> INSTRUCTIONS FOR THE TASK
Beginning at the line that holds "Arsy, Zhillu (2019)", transcribe each line exactly through the end of the records, and leave any pictures out.

> AVAILABLE DATA
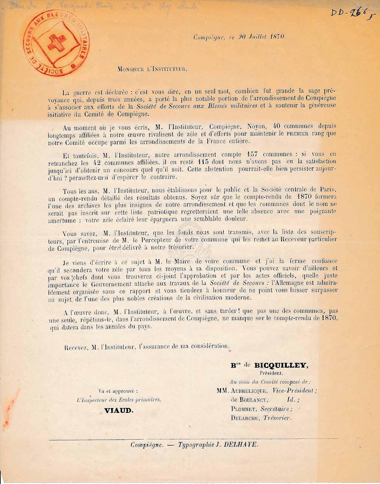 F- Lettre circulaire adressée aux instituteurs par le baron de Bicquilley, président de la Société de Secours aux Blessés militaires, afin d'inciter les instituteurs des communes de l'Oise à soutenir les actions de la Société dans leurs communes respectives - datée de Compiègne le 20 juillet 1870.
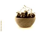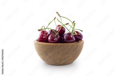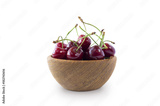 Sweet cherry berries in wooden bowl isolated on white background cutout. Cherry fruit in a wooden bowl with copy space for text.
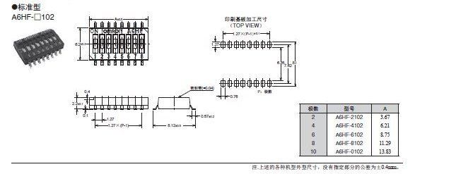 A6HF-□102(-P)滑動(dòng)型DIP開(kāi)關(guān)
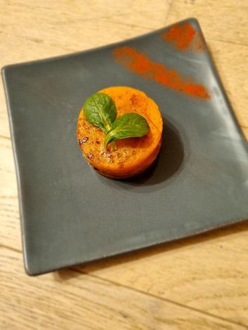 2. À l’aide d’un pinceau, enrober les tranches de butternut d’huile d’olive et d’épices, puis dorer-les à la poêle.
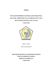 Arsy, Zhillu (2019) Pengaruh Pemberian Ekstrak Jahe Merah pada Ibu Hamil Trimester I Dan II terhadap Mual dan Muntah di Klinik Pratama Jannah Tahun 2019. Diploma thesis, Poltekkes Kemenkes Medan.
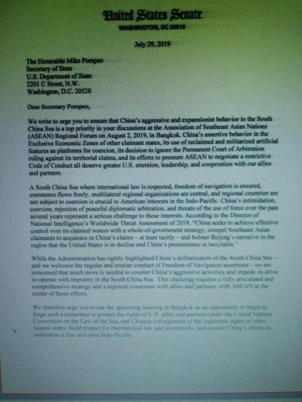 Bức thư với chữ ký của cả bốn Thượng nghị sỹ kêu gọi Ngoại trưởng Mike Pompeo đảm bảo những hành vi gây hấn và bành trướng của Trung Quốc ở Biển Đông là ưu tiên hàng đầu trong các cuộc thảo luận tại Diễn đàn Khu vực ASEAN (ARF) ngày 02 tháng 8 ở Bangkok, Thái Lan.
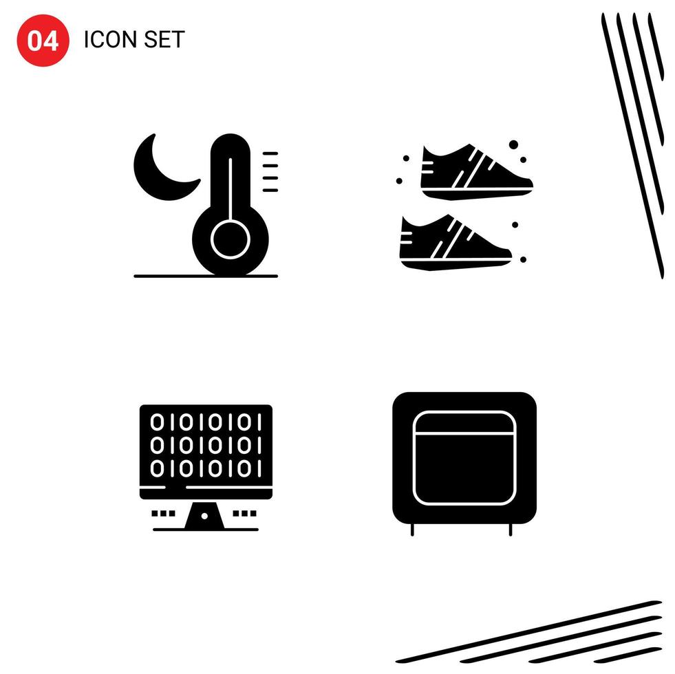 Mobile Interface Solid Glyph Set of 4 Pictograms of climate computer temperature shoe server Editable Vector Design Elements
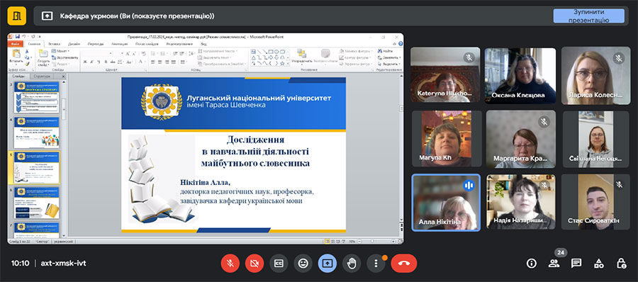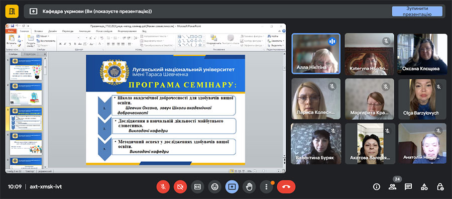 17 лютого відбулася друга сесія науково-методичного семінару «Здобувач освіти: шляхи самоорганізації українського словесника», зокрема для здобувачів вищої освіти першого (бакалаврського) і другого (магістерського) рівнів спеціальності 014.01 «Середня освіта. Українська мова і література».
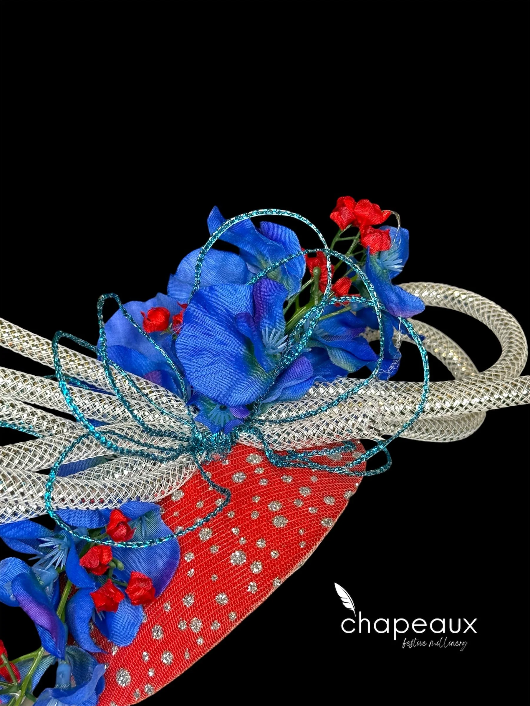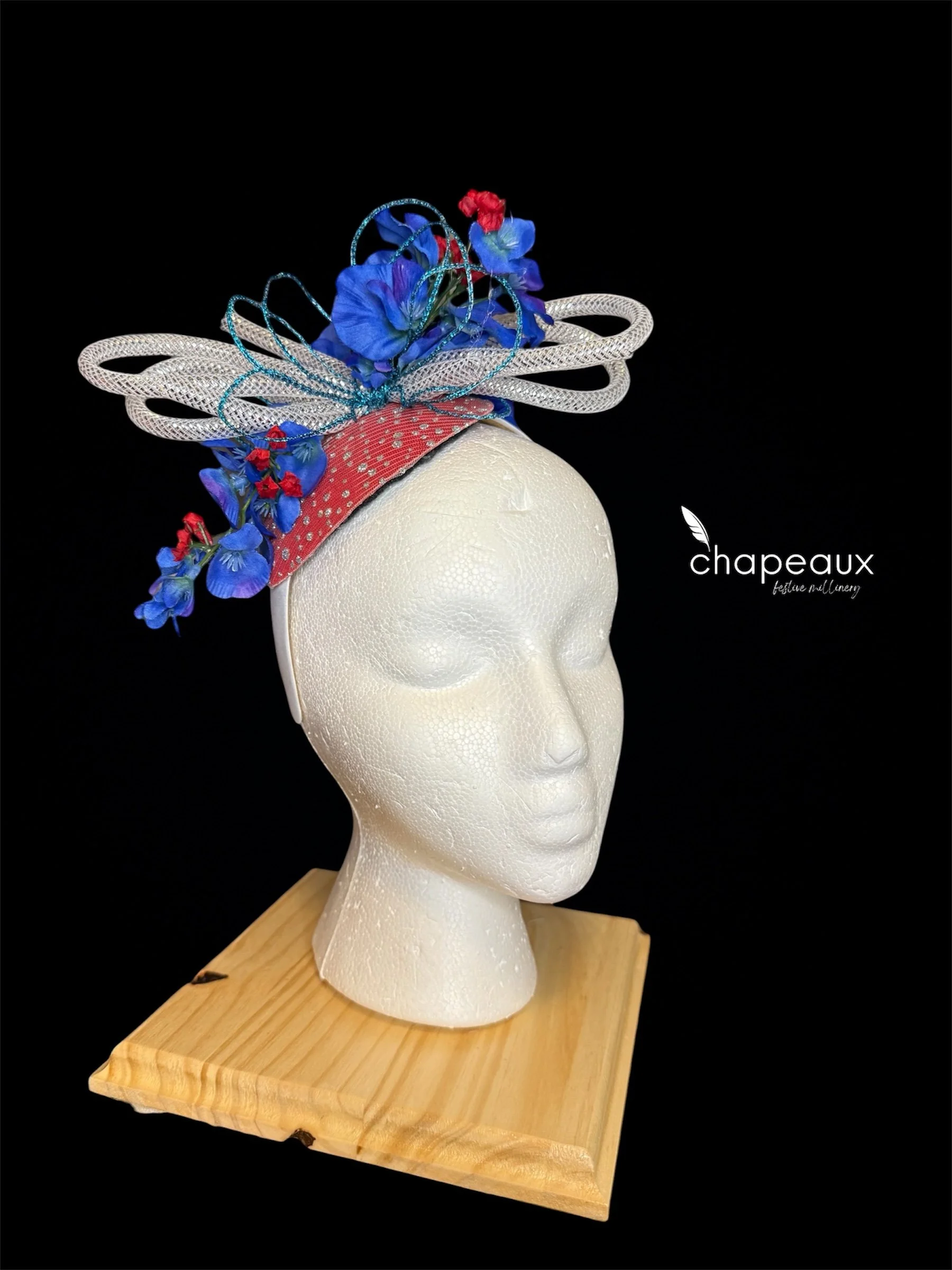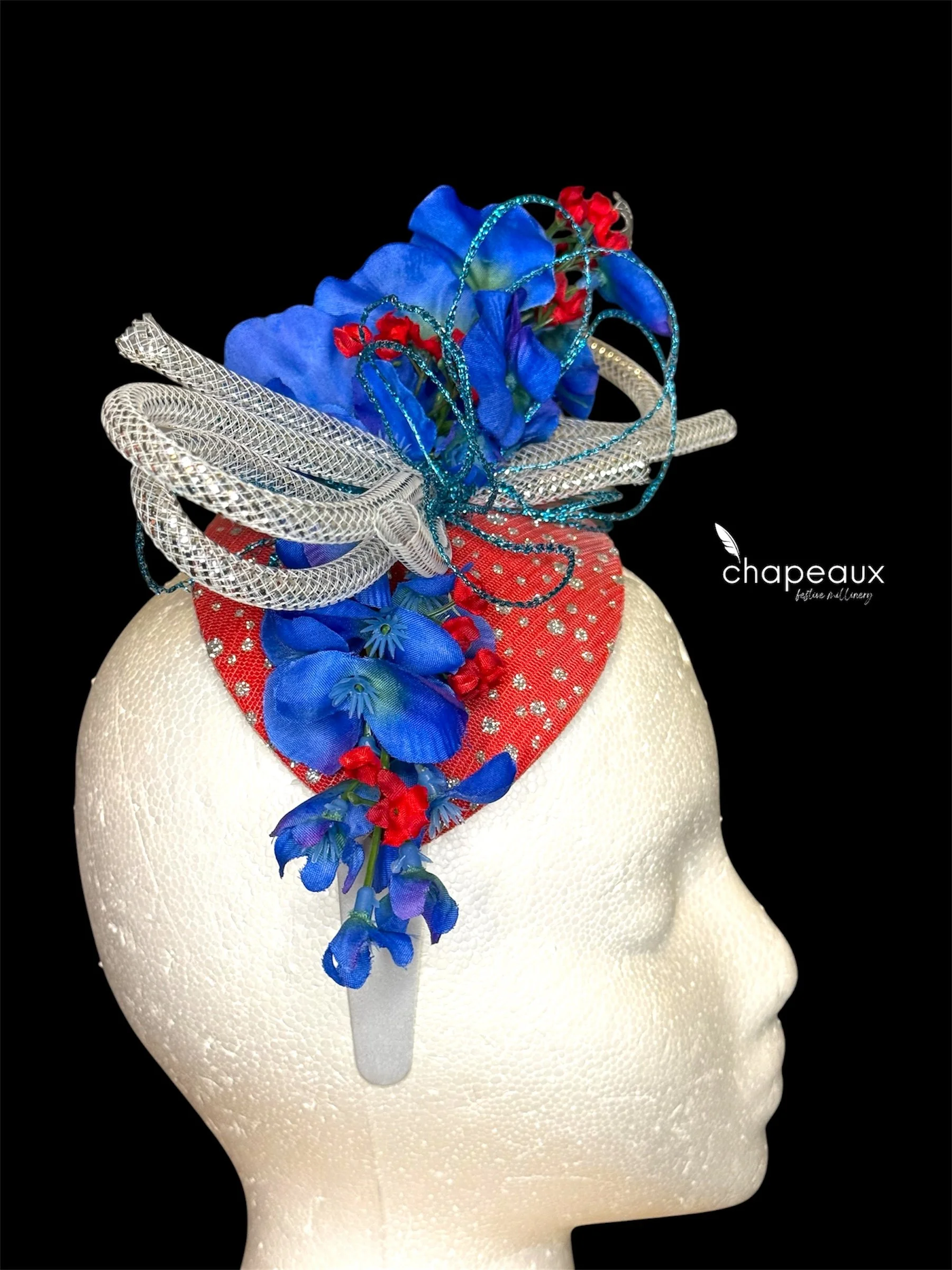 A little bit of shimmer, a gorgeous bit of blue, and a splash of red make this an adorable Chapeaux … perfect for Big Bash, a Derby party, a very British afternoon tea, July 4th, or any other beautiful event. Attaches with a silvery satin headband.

> COMPLETED EXERCISE
 Arsy, Zhillu (2019) Pengaruh Pemberian Ekstrak Jahe Merah pada Ibu Hamil Trimester I Dan II terhadap Mual dan Muntah di Klinik Pratama Jannah Tahun 2019. Diploma thesis, Poltekkes Kemenkes Medan.
 Bức thư với chữ ký của cả bốn Thượng nghị sỹ kêu gọi Ngoại trưởng Mike Pompeo đảm bảo những hành vi gây hấn và bành trướng của Trung Quốc ở Biển Đông là ưu tiên hàng đầu trong các cuộc thảo luận tại Diễn đàn Khu vực ASEAN (ARF) ngày 02 tháng 8 ở Bangkok, Thái Lan.
 Mobile Interface Solid Glyph Set of 4 Pictograms of climate computer temperature shoe server Editable Vector Design Elements
 17 лютого відбулася друга сесія науково-методичного семінару «Здобувач освіти: шляхи самоорганізації українського словесника», зокрема для здобувачів вищої освіти першого (бакалаврського) і другого (магістерського) рівнів спеціальності 014.01 «Середня освіта. Українська мова і література».
 A little bit of shimmer, a gorgeous bit of blue, and a splash of red make this an adorable Chapeaux … perfect for Big Bash, a Derby party, a very British afternoon tea, July 4th, or any other beautiful event. Attaches with a silvery satin headband.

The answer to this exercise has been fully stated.